Scorpaena scrofa, the red scorpionfish, bigscale scorpionfish, large-scaled scorpion fish, or rascasse is a venomous marine species of ray-finned fish in the family Scorpaenidae, the scorpionfishes. It is found in the Mediterranean Sea, in the eastern Atlantic Ocean and the western Indian Ocean.

==Taxonomy==
Scorpaena scrofa was first formally described in 1758 by Carl Linnaeus in the 10th edition of his Systema Naturae in which he gave the type localities as the Mediterranean Sea at Rome and Marseille. The specific name scrofa means "a breeding sow" in Latin, presumed to derive from scrofano and scrofanello, which are Italian names for the black scorpionfish (S. porcus) and this species, similar to the Old English "hogfish", possible an allusion to Renaissance mistranslations of Athenaeus' observation that scorpionfishes fed on algae or weed, that led to the belief that these fishes live and feed on mud.

==Description==
Scorpaena scrofa is the largest eastern Atlantic scorpion fish. Its colouration ranges from brick red to a light pink, and it has dark-coloured blotches on its body. It has venomous spines, and can achieve a maximum weight around 3 kg. It can grow to a maximum length of 50 cm, but is commonly around 30 cm.

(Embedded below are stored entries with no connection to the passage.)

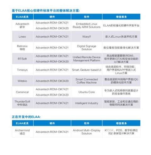 其中,ELAA標準開發平臺伙伴,提供基礎核心硬件平臺以及軟件開發工具包(BSP);硬件差異化服務伙伴,則進一步結合底板設計、系統整合,以提供硬件客制化、差異化服務,進而滿足各式嵌入式或工業物聯網應用對硬件的需求;軟件加值整合服務伙伴,建構在上述兩層的基礎上,開發符合客戶應用所需的嵌入式Linux或Android操作系統,并協助客戶發展其應用所需之軟件加值服務。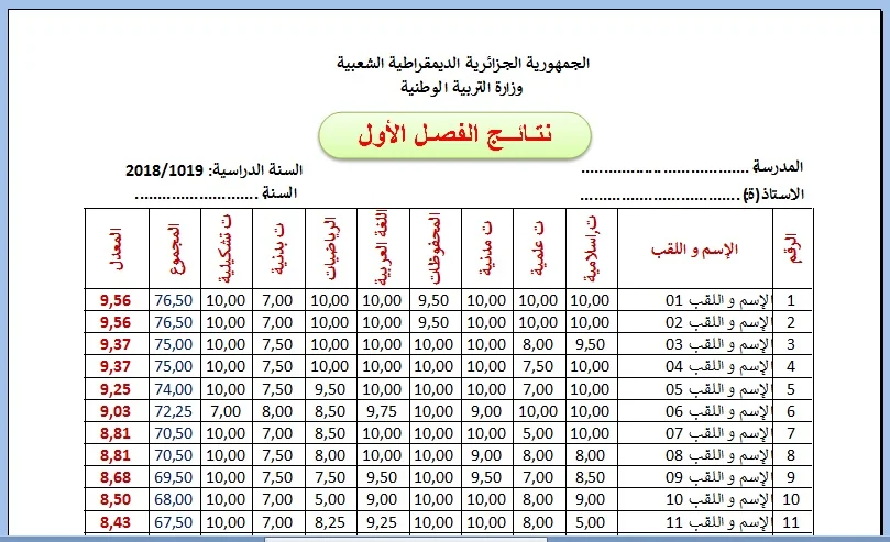 هذا الملف يساعد الأستاذ على إجراء حساب معدلات النتائج الفصل للتلاميذ، ما على الأستاذ فقط إدخال أسماء التلاميذ و نقاط المواد، المجموع و المعدل يحسب آليا. تحميل الملف من هنا تحميل شرح إستعمال الملف من هنا و السلام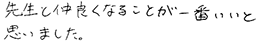 受ける前は、ほめないで、しゅくだいが多めに出て、たいへんな感じだったけど(大変なんじゃないか?と思っていた)、受けてみて、めっちゃほめてくれたり、(勉強が)分かった。先生の感じがすごい、よかった。やるきを見つけてくれる言い方がとてもすごくテクニックだった。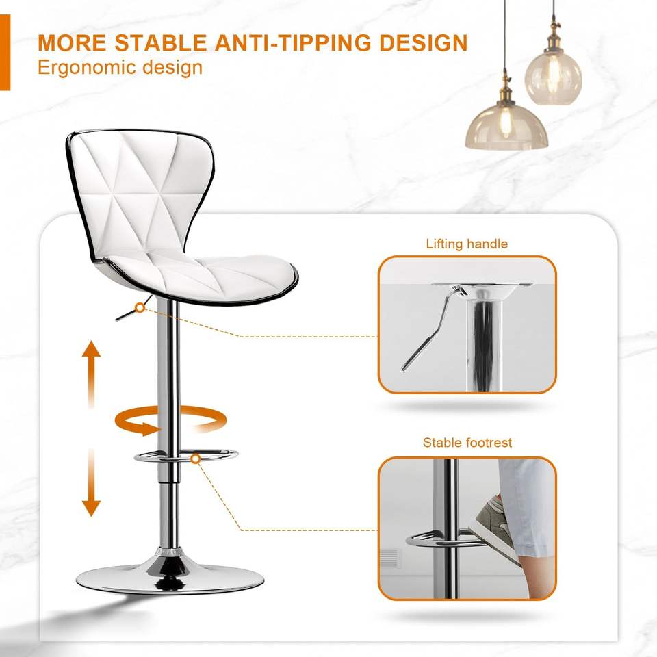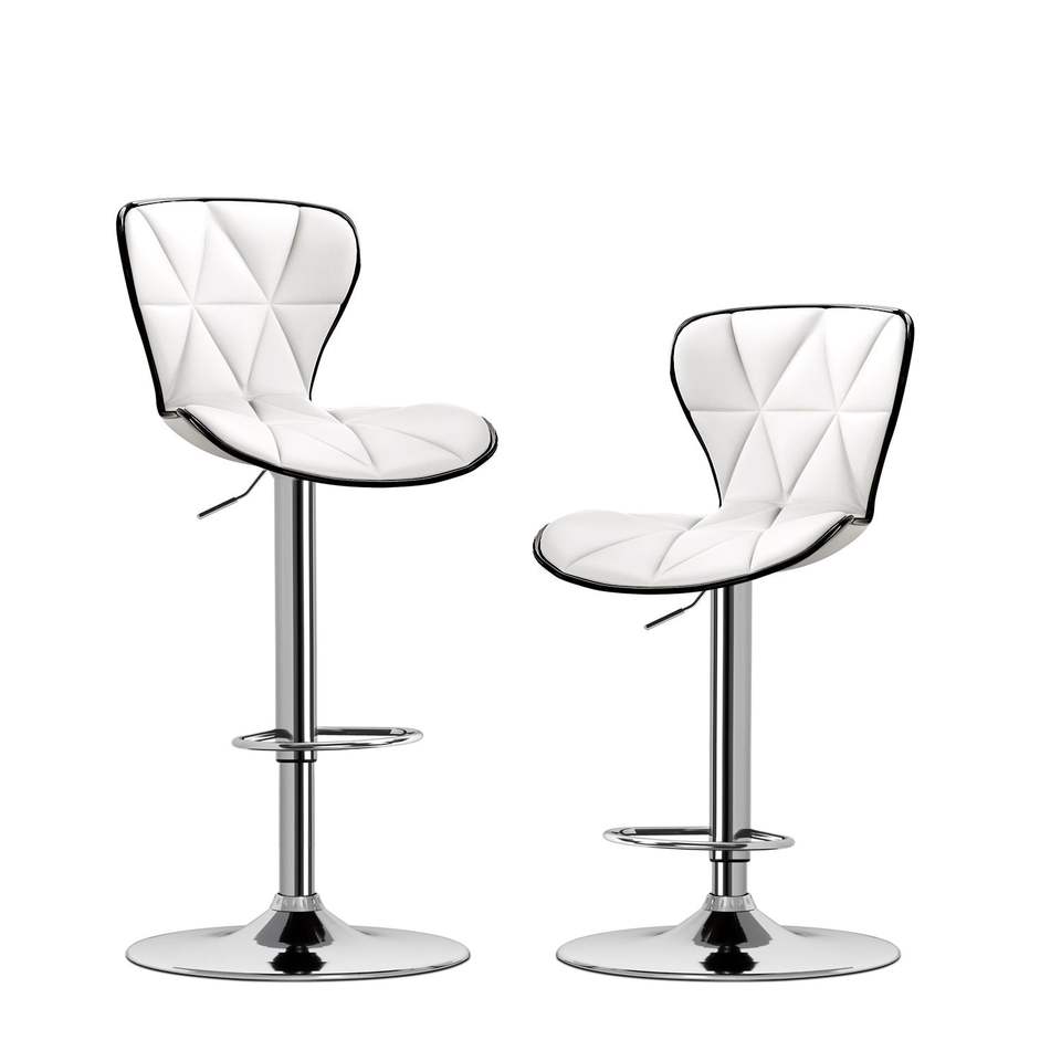 Set di 2 Sgabelli da Bar Girevoli e Regolabili in Altezza con Schienale e Rivestimento in Pelle PU Bianca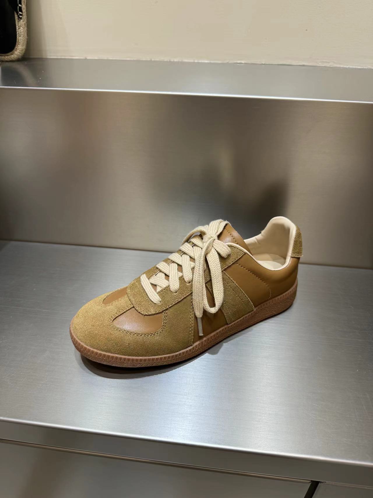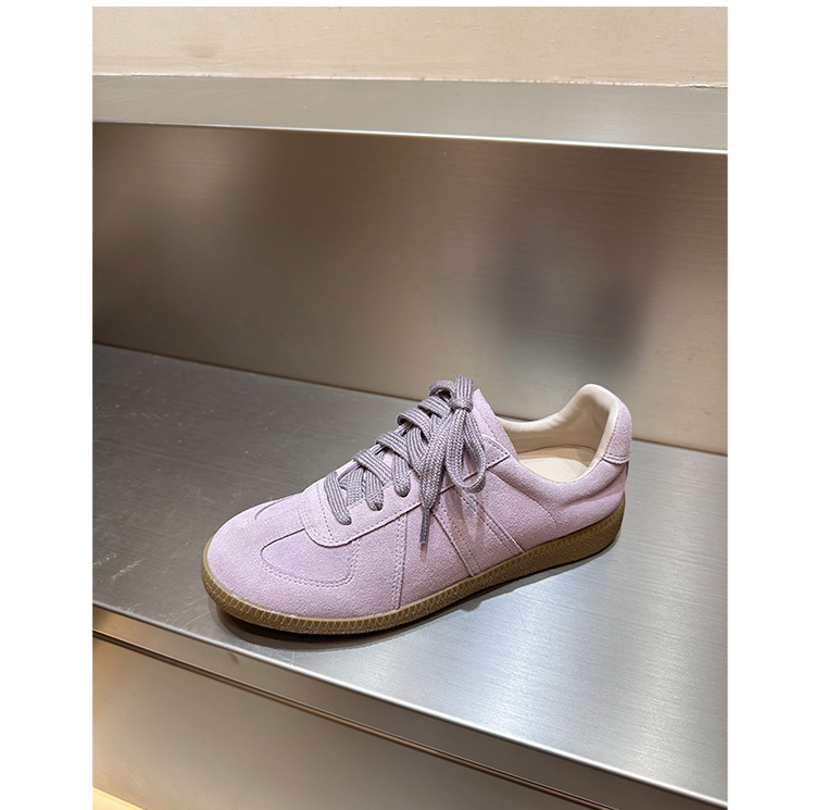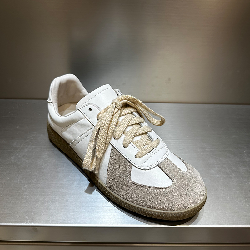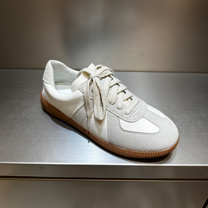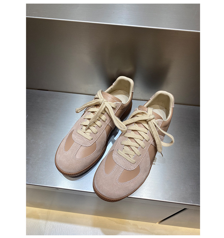 한국 컬러 매칭 독일 트레이닝 슈즈 레트로 라운드 토 레이스 업 운동화 여성의 가을과 겨울 모든 매치 캐주얼 플랫 가죽 화이트 슈즈스토어 가기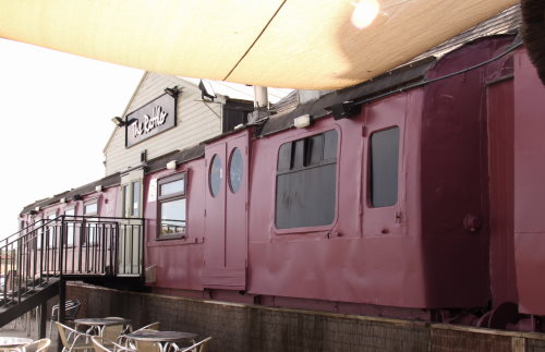 P 1986. With 4751. 80% of one side and part of roof missing. Door added to other side, windows replaced. Essentially a hollow shell. Repainted Green/Cream 2004. By 4/11 'The Rattler Restaurant'. |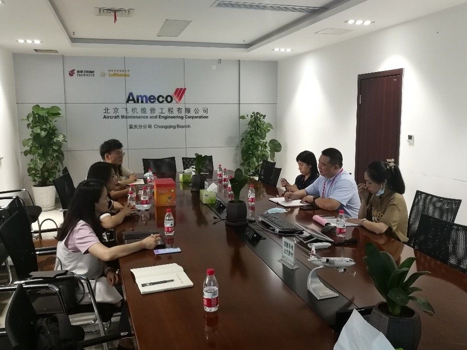 北京飞机维修工程有限公司重庆分公司主要承担国航在重庆江北国际机场的航线维护工作。近些年来,先后有3名中欧学子来该公司工作。在9日下午的座谈会上,主管公司人事的康经理对学院毕业生在工作中的突出表现给予了高度评价。与此同时,学院就2021年学生暑期实习问题与公司进行了意见交换并达成了共识。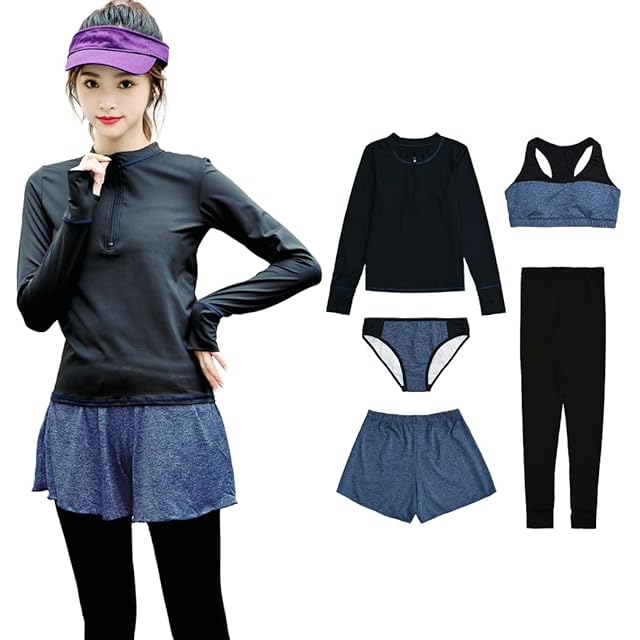[Teddy] フィットネス 水着 レディース 体型カバー 5点セット 長袖 ラッシュガード スポーツブラ ショーツ ショートパンツ トレンカ hys2122 黒 (ブラック×ブルーグレー, L(11号))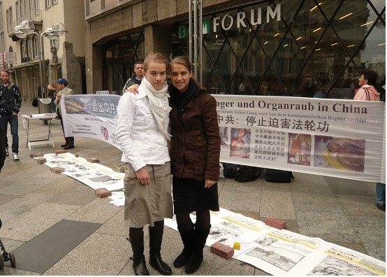 ![]() 这两个年轻的女士从别的城市来科隆经过展位,当了解到在中国有一群人因为他们的信仰被残酷迫害时,她们在制止中共活摘法轮功学员器官征签表上签名,并在横幅前合影留念。 |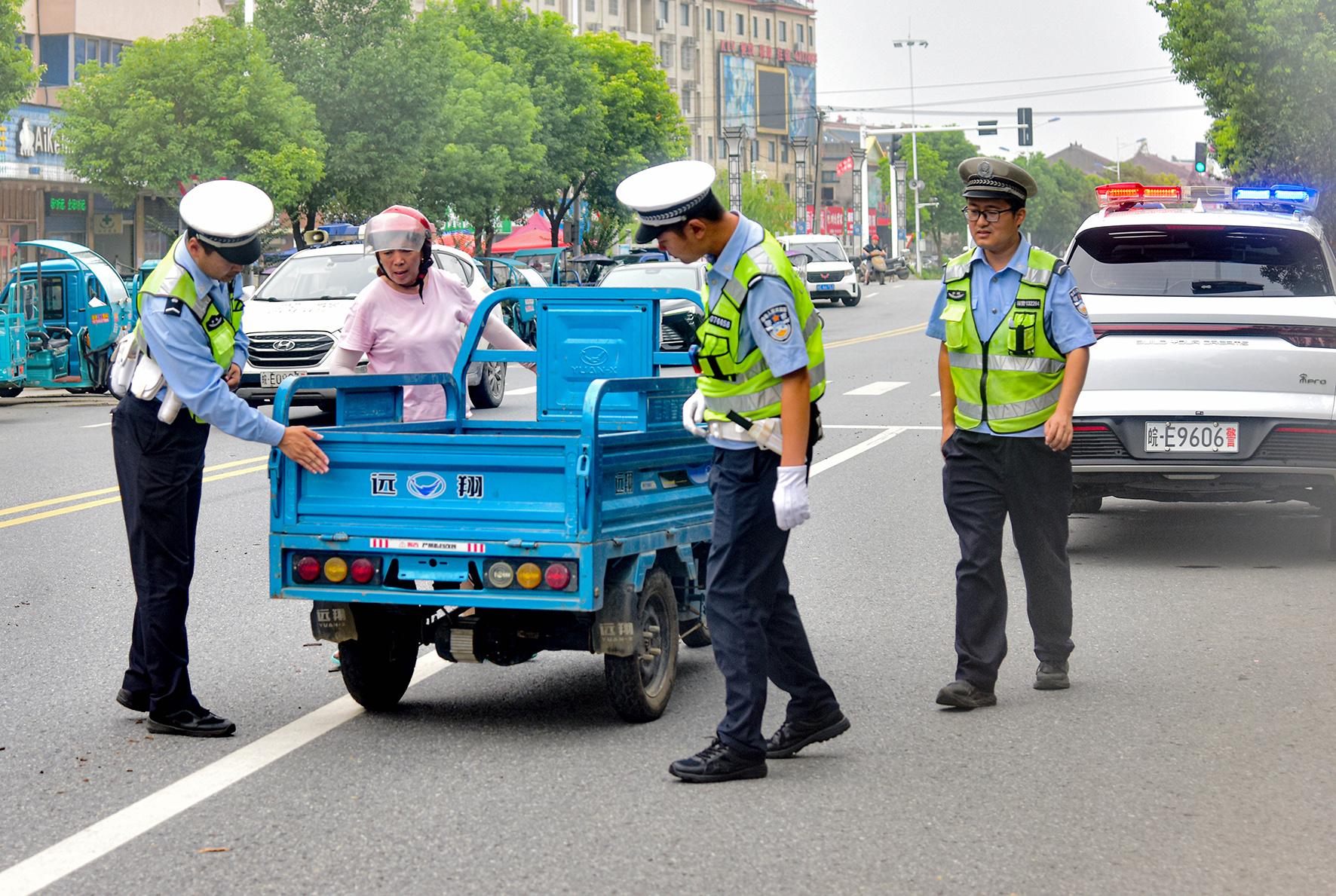 8月13日,安徽省馬鞍山市含山縣公安局交管大隊(duì)清溪中隊(duì)組織民警在轄區(qū)主要路口、車流量較大路段,對電動車騎乘人員未佩戴安全頭盔、不按規(guī)定車道行駛、違規(guī)安裝車棚等交通違法行為進(jìn)行現(xiàn)場教育與勸導(dǎo)。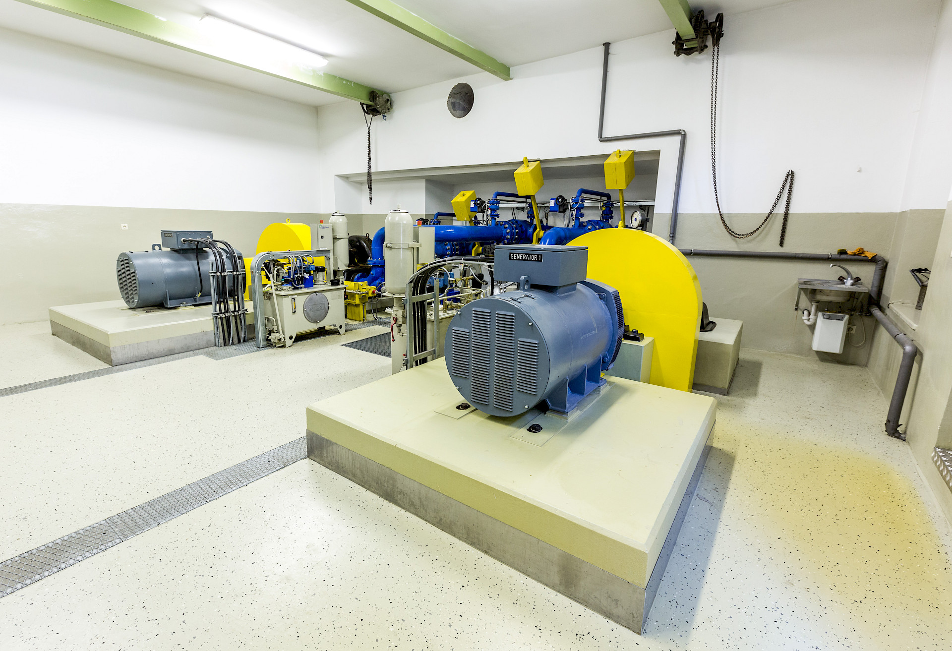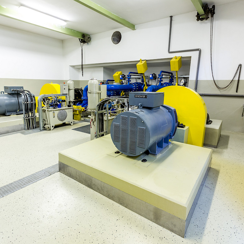 - Generator I: 1 eindüsige Pelton-Turbine mit horizontaler Welle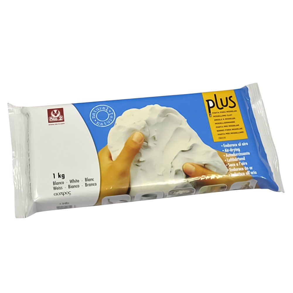 modeling clay, which hardens in the air. It does not require cooking, is not dirty and can be easily shaped with your hands. It allows you to create objects of various shapes and sizes. The hardening process can be accelerated by placing the created objects near radiators or other heat sources. PLUS modeling clay can be colored with any type of paint, markers, acrylic, tempera, oil and cold ceramic colours.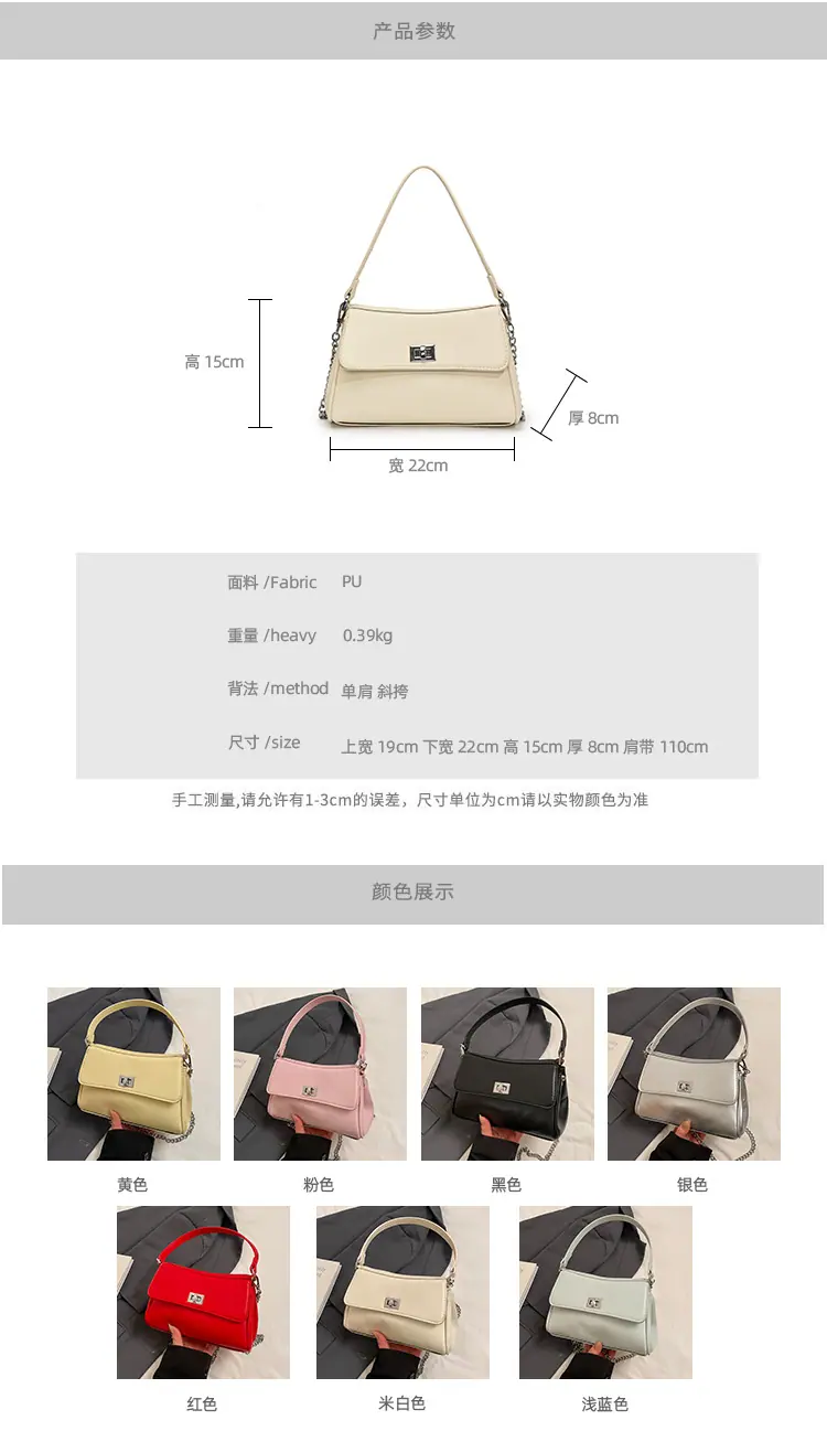 2025 Primavera Nueva Moda y Tendencia Bolso de Axila Bolso de Hombro Casual de Aspecto Elevado para Mujer Bolso Bandolera de Color Sólido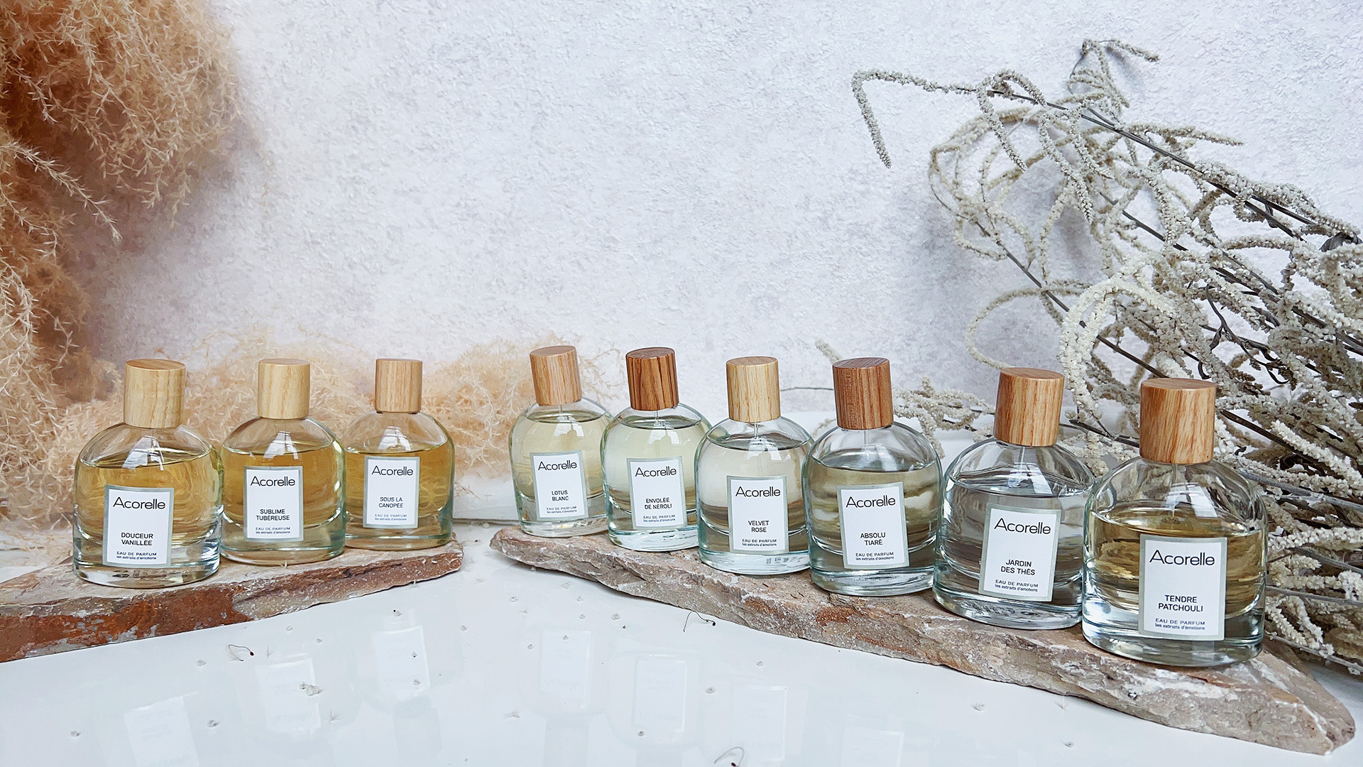 Acorelle日光意境與法國獨立調香師 Katell Plisson和 Stéphane Piquart 有機供應商合作,由於在天然香氛創作過程中,受限於有機原料的堅持選用,只有300種有機調香原料中,搭配出具有獨特層次的天然香氛。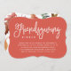 Invite your friends to your version of Thanksgiving dinner with these stylish invitations! A rich, terra cottta colour background features white modern handwritten script typography. The back of the Thanksgiving invitation features a lovely fall leaves pattern.

It has 12 dorsal spines, 9 dorsal soft rays, three anal spines, and five soft rays. It often has a dark spot on its spinous dorsal spines between the 6th and 11th. It has long supraorbital tentacles.

==Distribution==
Scorpaena scrofa is found in the Mediterranean Sea. It is also found in the eastern Atlantic Ocean around the British Isles, where it is rare, south to Senegal, the Canary Islands, and Cape Verde. It is also found in the Azores Island of São Miguel; It is also found from Namibia south and east along the coast of South Africa into the western Indian Ocean, its otherwise circum-African distribution is interrupted between Guinea and Namibia where it is apparently replaced by the spotted-fin scorpionfish (S. stephanica). In the Indian Ocean the northern most record is from the Gulf of Aqaba and, given its occurrence elsewhere in the western Indian Ocean, it is thought that this record is unlikely to be the result of anti-Lessepsian migration from the Mediterranean through the Suez Canal.

==Habitat==
Scorpaena scrofa is demersal and lives in marine and brackish environments with rocky, sandy, or muddy bottoms at depths of 20–500 m. By day, it lives in burrows and caves. At night it comes out to hunt.

==Behaviour==
Scorpaena scrofa is a sedentary, solitary, and nonmigratory fish. It is predatory, feeding on other fish, as well as crustaceans and molluscs. This is one of the fish used by the marine leech Pontobdella muricata as a host.

==As food==
Scorpaena scrofa is a traditional ingredient in Marseille bouillabaisse and in Tuscan cacciucco. It is also widely used in Japanese cuisine. It has a sweet, delicate, and subtly briny flavor, often compared to lobster. Its texture is firm, flaky, and slightly gelatinous, falling perfectly between a meaty monkfish and a delicate sea bass.